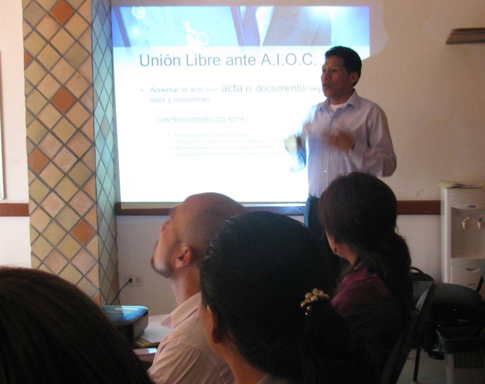 Un técnico del Servicio de Registro Cívico (SERECI), encargado de explicar los alcances del Reglamento, mencionó que las autoridades de los pueblos indígenas podrán registrar las uniones libres, para luego remitir el acta de reconocimiento de la unión libre por usos y costumbres al SERECI, en cumplimiento de la normativa vigente.
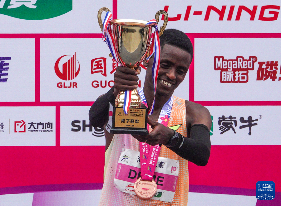3月24日,埃塞俄比亚选手塔度·阿巴特·蒂姆在2024无锡马拉松男子组颁奖仪式上举起奖杯。他以2小时06分18秒的成绩获得冠军。新华社记者 杨磊 摄
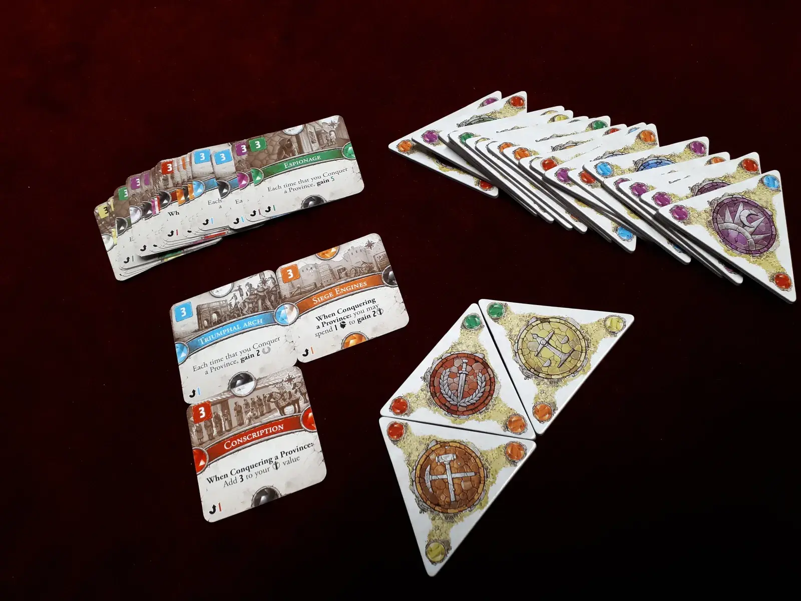 At the beginning of each Age, each player will draw a Province card, then take the corresponding Province tile which will be added to their hand. This tile must be placed on the board during the Age during your Growth phase, at the same time as a regular domino. Each player will hence be playing six dominoes during the Age instead of the usual five. These dominoes will have unique illustrations and characteristics : some will have resources, some will have other effects, much like the Monument tiles.
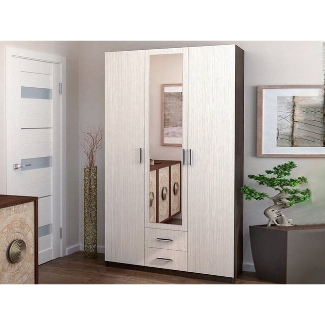 Современный многофункциональный шкаф-купе с зеркалом. Цветовые решения: корпус Венге, фасад дуб Белфорт. Корпус ясень Шимо темный, фасад ясень Шимо светлый.
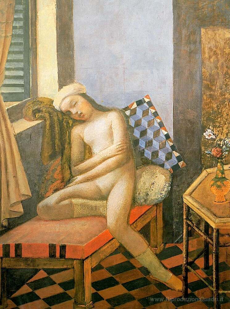 Ti offriamo una riproduzione artigianale su tela dell'opera famosa 'Sleeping Nude' di Balthus, dal Museo delle Riproduzioni.
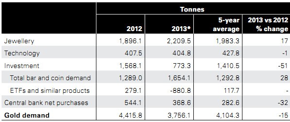 Theo WGC, tổng nhu cầu vàng toàn cầu đã giảm xuống trong năm 2013 khi nhà đầu tư rút khỏi các quỹ chỉ số nhiều hơn lượng mua tăng lên đối với vàng vật chất. WGC cũng cho biết, nhu cầu vàng trang sức đã tăng trở lại mức trước khủng hoảng tài chính, trong khi đầu tư vàng miếng loại nhỏ và vàng tiền lên mức cao kỷ lục.
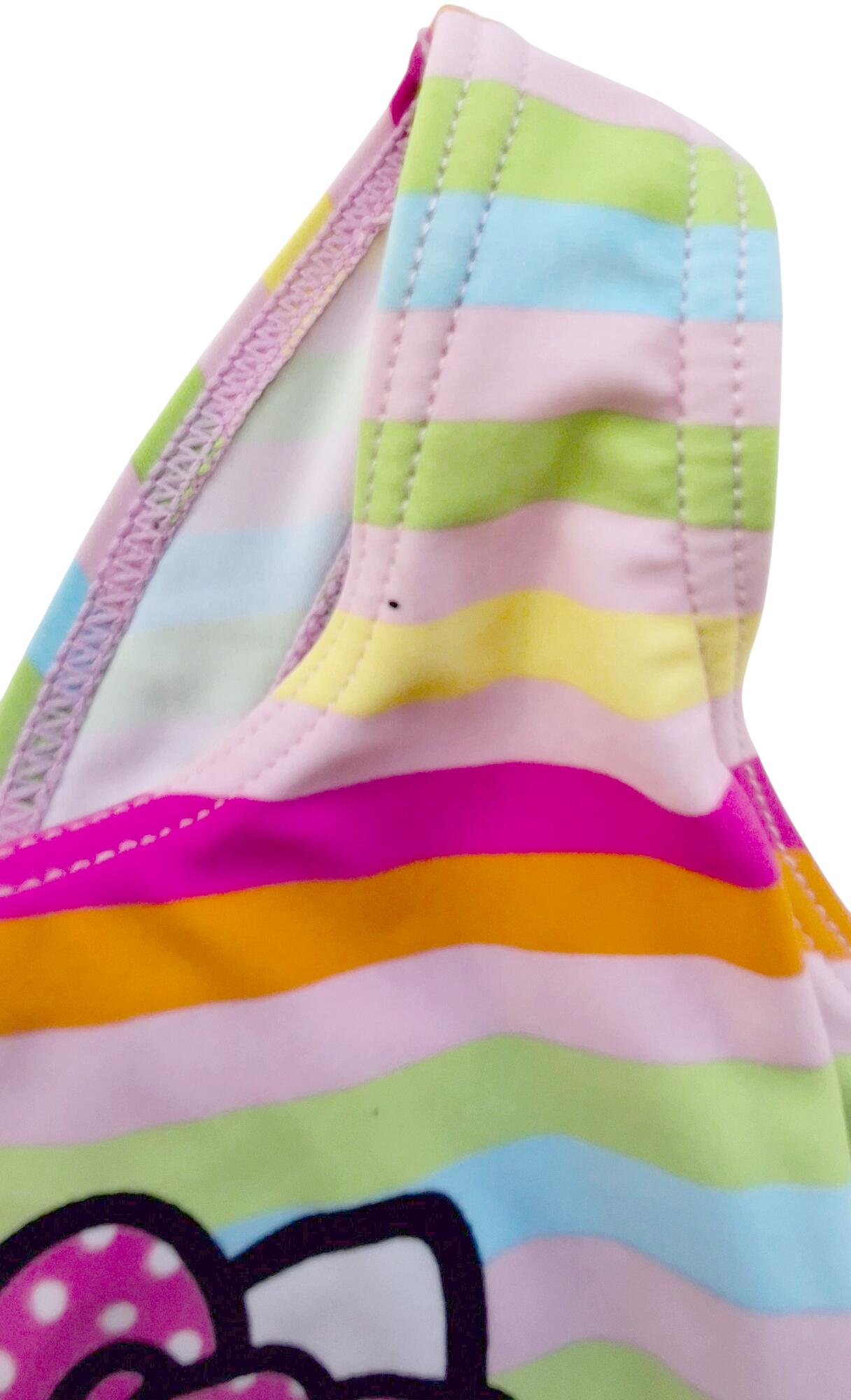 Hallo Kitty farverig stribet badedragt str. 80 med et stort Hallo Kitty tryk på forsiden og en lille pink flæsekant ved ben udskæringen. Obs en lille sort prik, se billede.
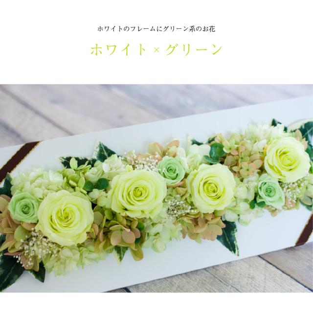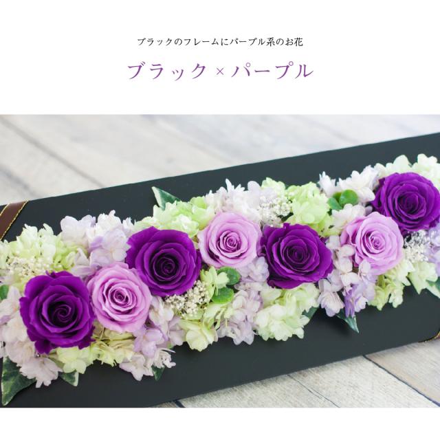 ホワイトのフレームは、ピンク系とグリーン系で可愛らしい仕上がりに、ブラックのフレームはレッド系とパープル系でモダンでカッコ良く仕上げました。※一部造花の葉を使用しています。
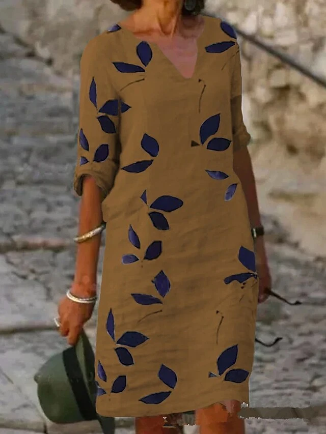 Women’s Casual Dress Cotton Linen Dress Shift Dress Midi Dress Cotton Blend Fashion Modern Outdoor Daily Vacation V Neck Print Half Sleeve Summer Spring 2023 Regular Fit White Purple Brown Leaf S M L
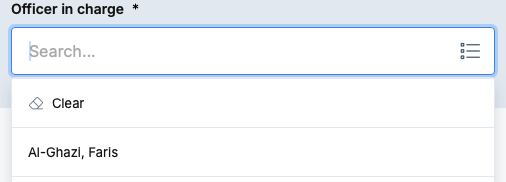 Q: The Officer in Charge dropdown is empty or missing personnel. How do I fix this?
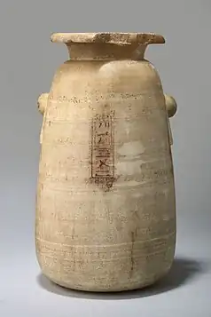 The Caylus vase is an Egyptian alabaster jar dedicated in the name of the Achaemenid king Xerxes I (c.518–465 BCE) in Egyptian hieroglyphs and Old Persian cuneiform, which in 1823 played an important role in the modern decipherment of cuneiform and the decipherment of ancient Egyptian scripts.
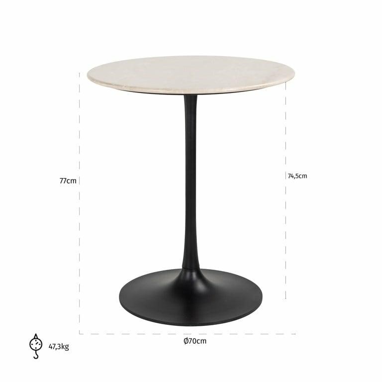 - Okrągły blat z jasnego marmuru, który nadaje stolikowi luksusowy wygląd
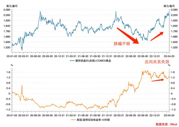 更特殊的是,在随后的2022年11月至12月,黄金价格已不只是抗跌,而是和实际利率走势开始显著同步——实际利率明显反弹,黄金本该下跌却依旧单边上行,两者从跷跷板几乎变成了并排跑。
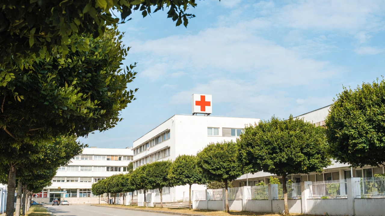 architecture, blue sky, building exterior, clinic, fence, green trees, healthcare facility, medical building, modern hospital, outdoor, red cross, road, sunny day, trees, white building, hospital
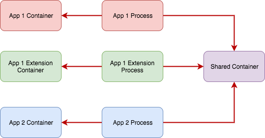 Extensions are embedded into your bundle, but they run as a separate process with their own memory address space and their own container. So, naturally, the extension can't access instances of classes of the main target. If you try and share data by saving it into the documents directory it won't work either, because extensions have their own containers. There's an easy way to share data between your app and the extension. You can use 'App Groups' for that. Think of an App Group as a shared container that all your apps can access:
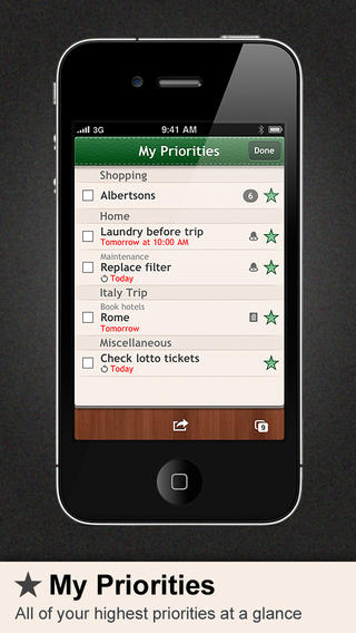 扔掉你的笔和纸,因为随着婚姻生活,你需要的一切简直是在你的指尖。通过你的页面待办事项快速扫描的手指触摸,并添加新的待办事项与易用性的单一按钮。从右侧的Add添加屏幕提示,到期日期,到期时间和注意事项。创建并保存模板,再而三地使用。使用同步功能来备份您的数据,并与家人,朋友或同事分享的网页。转到我的,priorities.com网站编辑您在网络上的网页和任务。婚姻生活是一个必须具备的人谁愿意留下来组织!
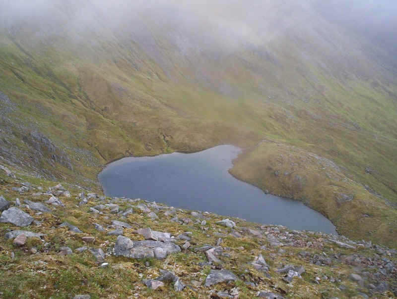 The path doesn't actually go over the summit of Droichaid an Tuill Easaich but skirts the hillside with this dramatic view of Gorm Lochain far below in the corrie; it's a long way down and I was careful where I put my feet!
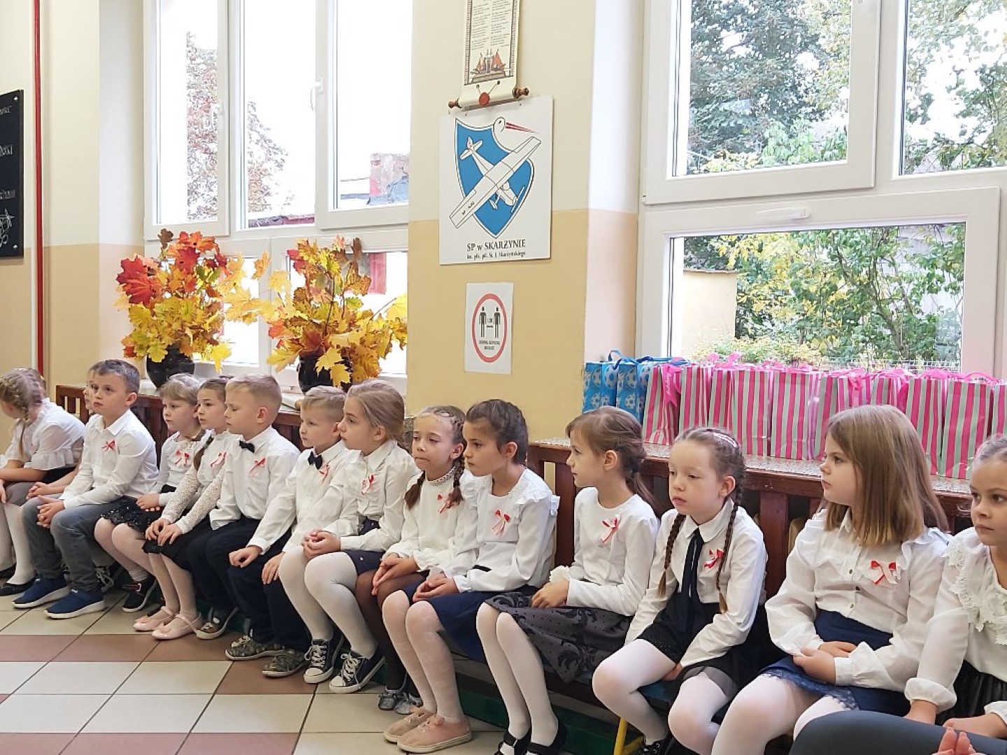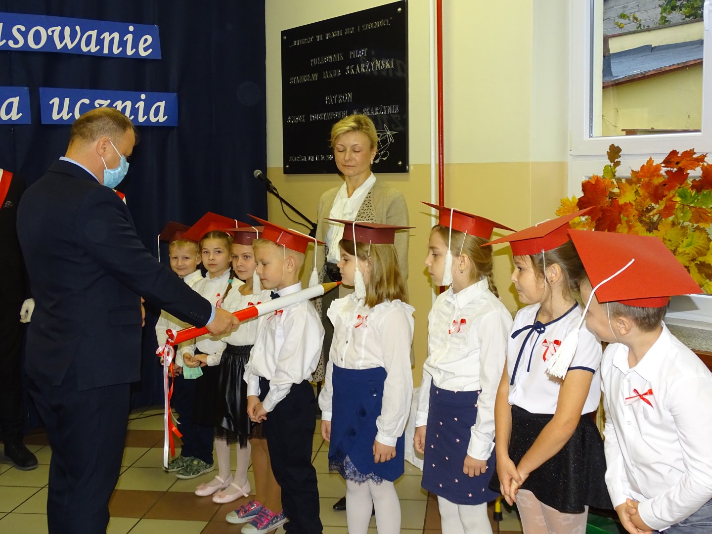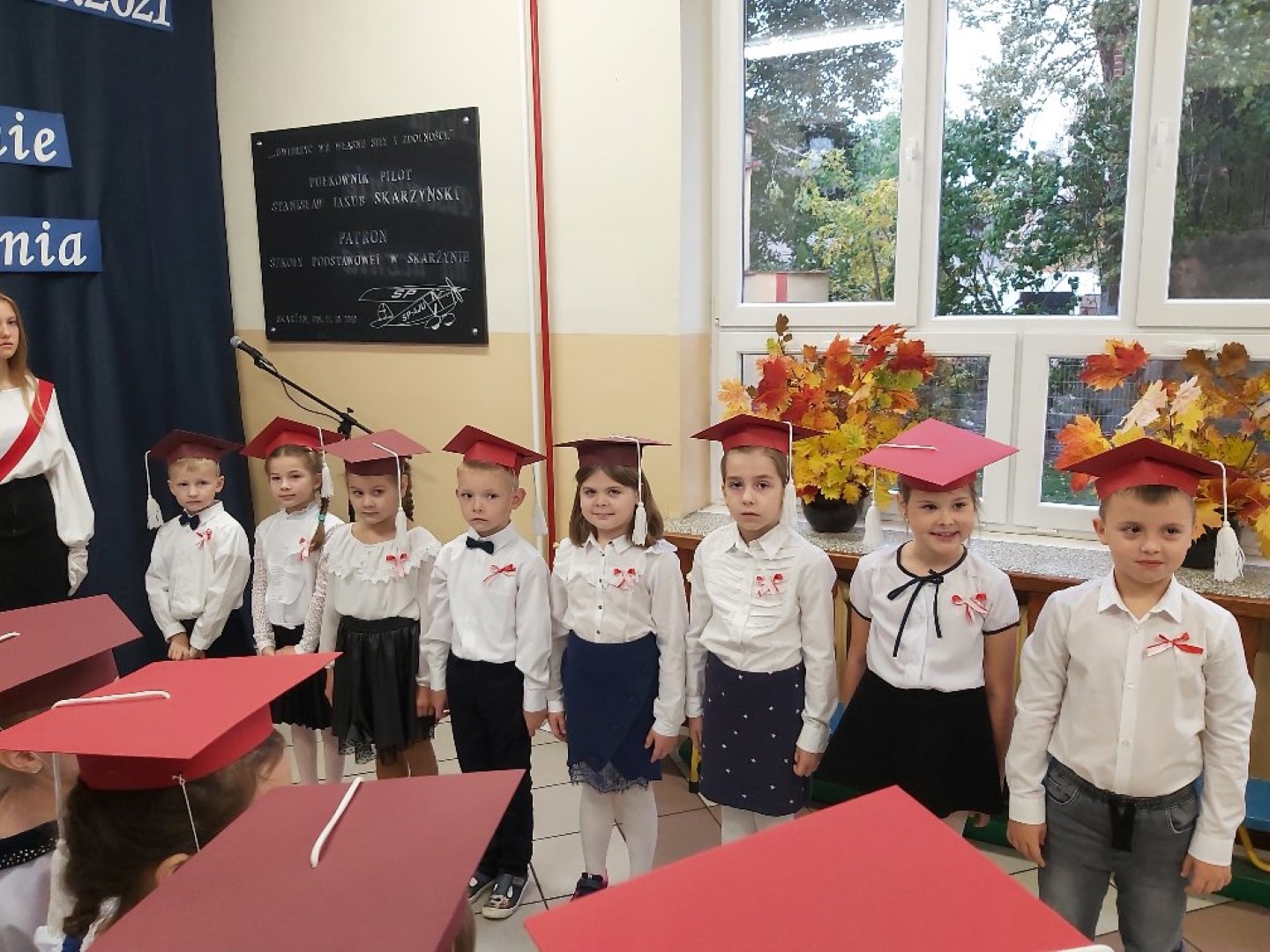 21 października 2021r. najmłodsi uczniowie Szkoły Podstawowej im. płk. pil. Stanisława Jakuba Skarżyńskiego w Skarżynie brali udział w bardzo ważnym i podniosłym dla nich wydarzeniu. W obecności rodziców, nauczycieli, zaproszonych gości, przedstawicieli Samorządu Uczniowskiego, pierwszoklasiści ślubowali być dobrymi Polakami, uczniami, kolegami i dziećmi dla swoich rodziców. Po ślubowaniu rodzice dzieci złożyli przyrzeczenie. W kolejnym punkcie uroczystości dyrektor szkoły pan Krzysztof Jesionek pasował pierwszoklasistów na uczniów skarżyńskiej szkoły. Po pasowaniu uczniowie z klasy I przedstawili bogaty i ciekawy program artystyczny, w którym wspaniale zaprezentowali swoje umiejętności i talenty. Dzieci otrzymały życzenia, gratulacje i upominki od zaproszonych gości: pana Jana Nowaka - Wójta Gminy Kawęczyn, pani Jolanty Cajdler - przedstawicielki Rejonowego Banku Spółdzielczego w Malanowie, pani Róży Froncali – przewodniczącej Rady Rodziców, księdza Piotra Bamberskiego – proboszcza parafii w Przespolewie oraz rodziców, którym serdecznie dziękujemy za ogromne zaangażowanie w przygotowanie uroczystości.

_PROBLEM TO SOLVE_
Write out, word for word, the stretch of entries that begins at the line with "Q: The Officer" and ends at the line with "The path doesn't". Pictures do not belong in it.

_SOLVED EXERCISE_
 Q: The Officer in Charge dropdown is empty or missing personnel. How do I fix this?
 The Caylus vase is an Egyptian alabaster jar dedicated in the name of the Achaemenid king Xerxes I (c.518–465 BCE) in Egyptian hieroglyphs and Old Persian cuneiform, which in 1823 played an important role in the modern decipherment of cuneiform and the decipherment of ancient Egyptian scripts.
 - Okrągły blat z jasnego marmuru, który nadaje stolikowi luksusowy wygląd
 更特殊的是,在随后的2022年11月至12月,黄金价格已不只是抗跌,而是和实际利率走势开始显著同步——实际利率明显反弹,黄金本该下跌却依旧单边上行,两者从跷跷板几乎变成了并排跑。
 architecture, blue sky, building exterior, clinic, fence, green trees, healthcare facility, medical building, modern hospital, outdoor, red cross, road, sunny day, trees, white building, hospital
 Extensions are embedded into your bundle, but they run as a separate process with their own memory address space and their own container. So, naturally, the extension can't access instances of classes of the main target. If you try and share data by saving it into the documents directory it won't work either, because extensions have their own containers. There's an easy way to share data between your app and the extension. You can use 'App Groups' for that. Think of an App Group as a shared container that all your apps can access:
 扔掉你的笔和纸,因为随着婚姻生活,你需要的一切简直是在你的指尖。通过你的页面待办事项快速扫描的手指触摸,并添加新的待办事项与易用性的单一按钮。从右侧的Add添加屏幕提示,到期日期,到期时间和注意事项。创建并保存模板,再而三地使用。使用同步功能来备份您的数据,并与家人,朋友或同事分享的网页。转到我的,priorities.com网站编辑您在网络上的网页和任务。婚姻生活是一个必须具备的人谁愿意留下来组织!
 The path doesn't actually go over the summit of Droichaid an Tuill Easaich but skirts the hillside with this dramatic view of Gorm Lochain far below in the corrie; it's a long way down and I was careful where I put my feet!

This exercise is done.